STEVE will be a deep learning general purpose chatbot. Initially it will be only entertaining, the objective is just getting it to answer something decent. Later on it will be an app, and after that it would be nice to make it do something actually useful for people.
The model I am trying is, as far as I know, new, as I haven't seen it used anywhere. This might be explained by the fact that at the moment it doesn't work. The high level idea is to have an encoder and a decoder to get sentence level meaning vectors, and a neural network into which you feed these meaning vectors to get an answer's meaning vector. I like to call this the 'TSN' as in Talking (should be used for chatbots, if it will ever work) Sandwich Network. RNN's are bread and feedforward nets are the meat.
Encoder: This is composed of two parts. A character level word encoder and a word level sentence encoder. The words in the input sentence are fed into the word encoder ,which is a character level RNN, one by one, and the hidden state is the word's meaning vector. These word meaning vectors are concatenated and fed into the sentence level encoder which does the same thing. The hidden state of this RNN is our sentence meaning.

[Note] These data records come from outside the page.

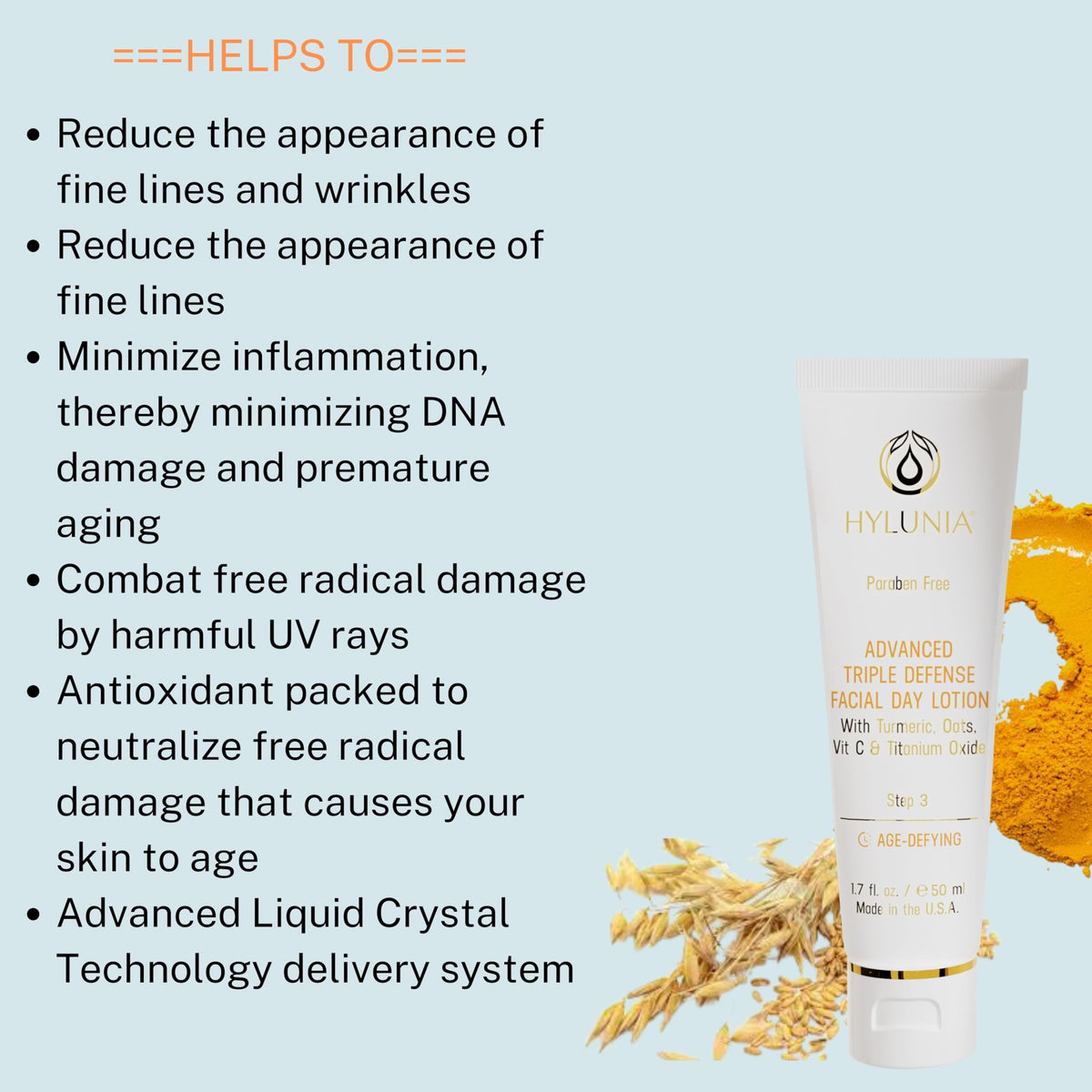 Hydrate, protect, and rebuild collagen with Hylunia Triple Defense Day Lotion. This age-defying moisturizer combines Vitamin C, Turmeric, and Titanium Dioxide to provide clean, non-toxic hydration for all skin types.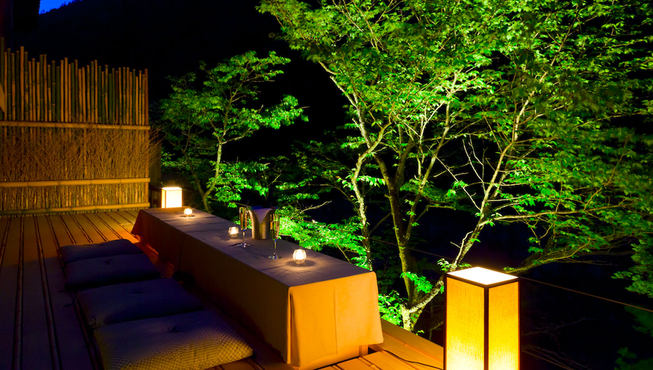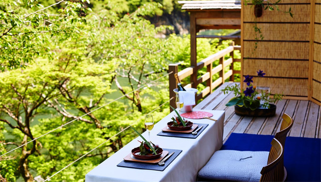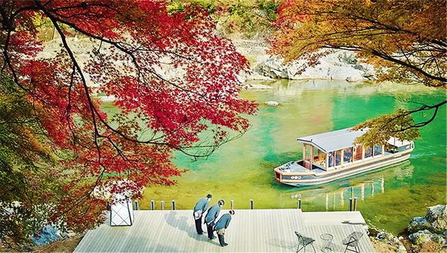 由百年贵族私邸改建而成的京都虹夕诺雅坐落于岚山保津川陡峭的河岸边,入住客人需从著名景点渡月桥处登上小舟,在沿途美景陪伴下乘船抵达。酒店坐拥岚山四季变幻的自然绝景,是赏樱花、观红叶不可多得的上佳之选。酒店内拥有挑高天花板和大窗户的25间和洋室客房全部面朝保津川,您足不出户即可欣赏保津川溪谷美景。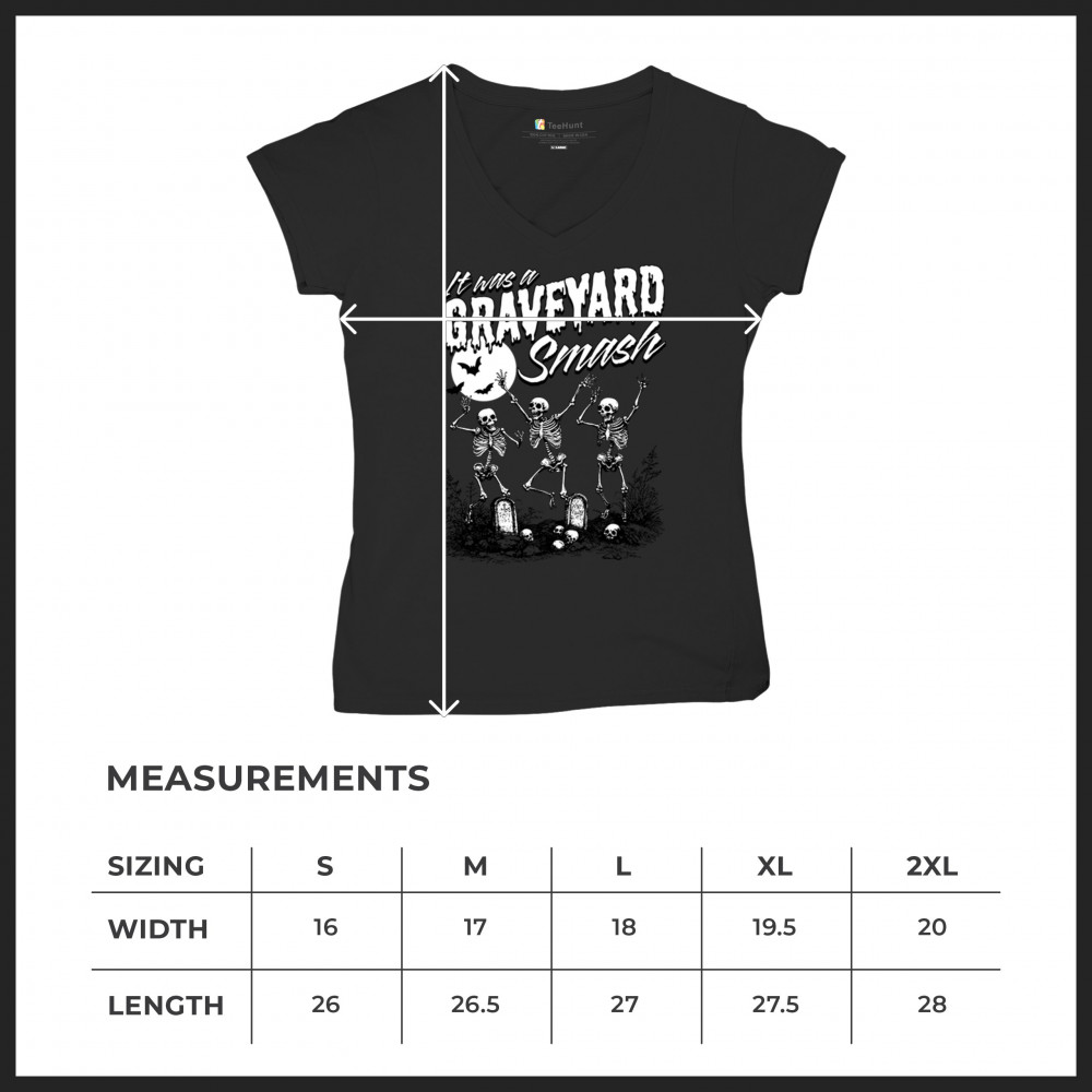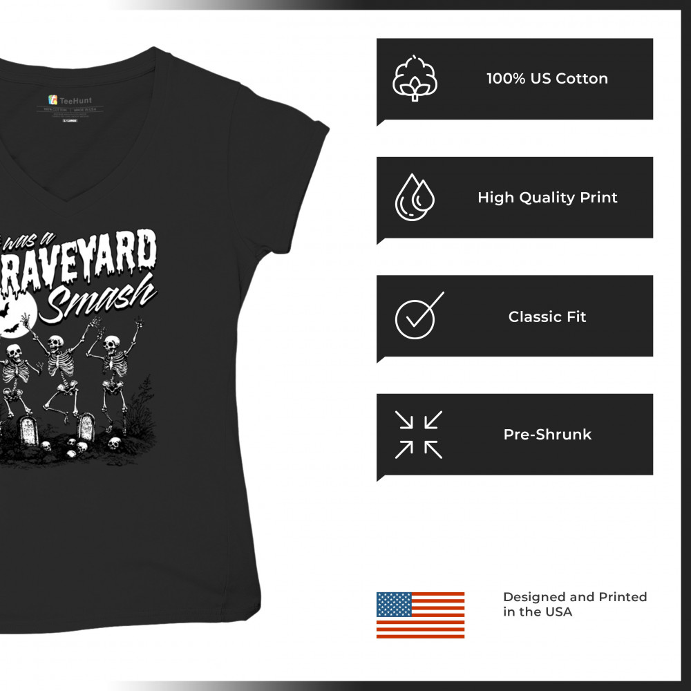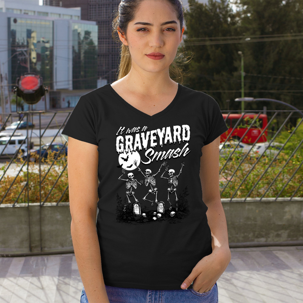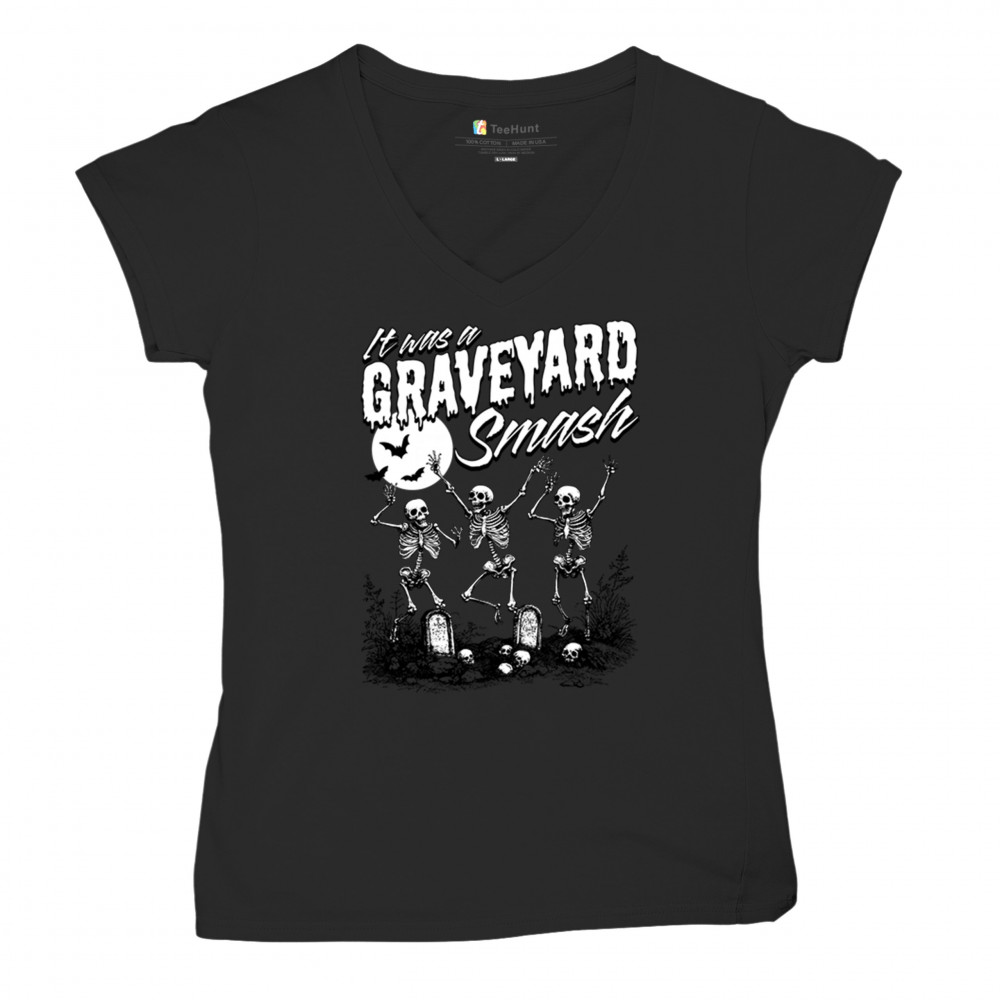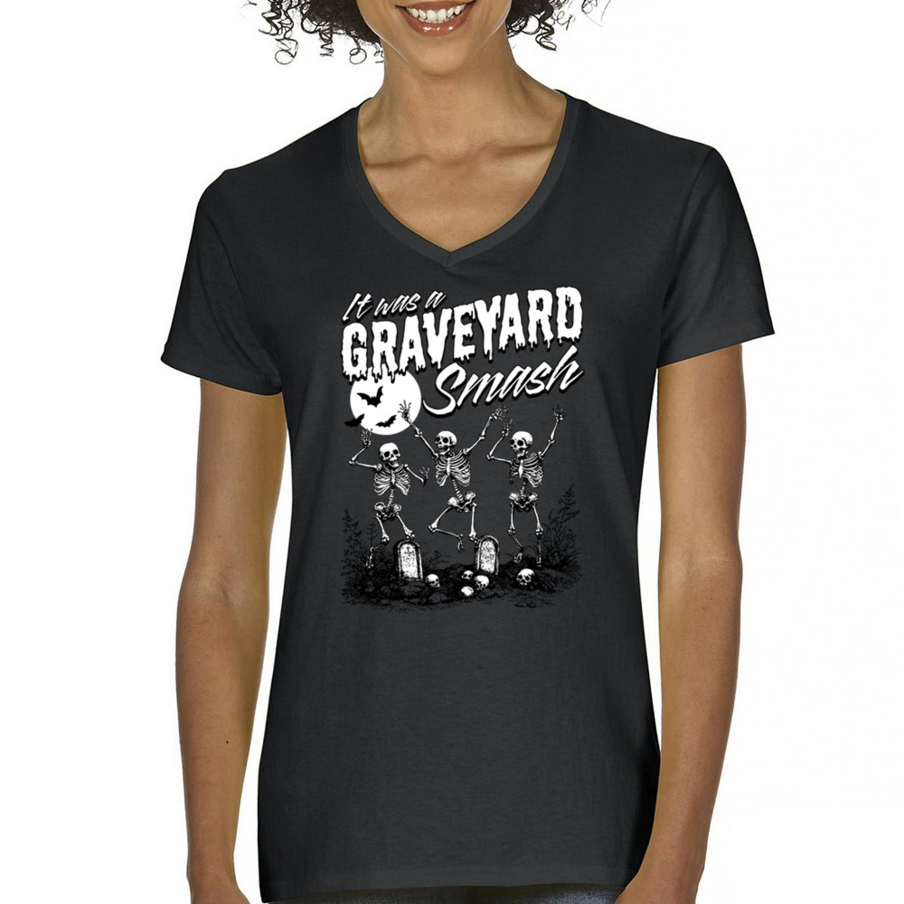 IT WAS A GRAVEYARD SMASH HALLOWEEN SKELETON women's v-neck t-shirt pumpkin tee black

Middle Layer: This is simply a feedforward fully connected network at the moment. It is what I am currently working on and trying to improve. It receives a meaning vector from the encoder and outputs the answer's meaning vector.
Decoder: This is an RNN that starts with the answer's meaning vector as initial hidden state and a start of sequence character as first input. The outputs at every timestep are the word level meaning vectors, which are individually fed to a word level decoder which works in the same exact way. The outputs from this are concatenated appended to a list. Each entry in the list is a matrix of probabilities of characters for every word.
Training: There are several options, of which I have only tried one.
option 1: The one I originally had in mind, which I have tried, consists in training the word encoder and decoder as an autoencoder, then training the sentence encoder and decoder as an autoenocoder as well without updating the word encoder/decoder weights. Finally feed sentence vectors into the middle layer and train that without updating the other networks. When training the middle layer the target obviously isn't the input sentence as it was for the sentence autoencoder, but a valid asnwer. The word and sentence level autoencoders work, but training the middle layer doesn't produce any valid answer.
option 2: Instead of training the word level autoencoder and the sentence level one separately, update their weights at the same time. This way there will be no direct correspondence between word encodings (meaning that if you feed a word's vector into the word decoder you might not get the exact word out of it) but it should work at the sentence level. After doing that you train the middle layer the same way it is done in option1.
option 3: train everything together directly on the final task.
The loss can be on the final outputs, or in the first two cases it can also be the difference between the middle layer output and the target meaning vector (which would not otherwise be calculated as you would use the character probabilities with the model output).
Things I'm working on: Implementing attention. Alternative models for the middle layer.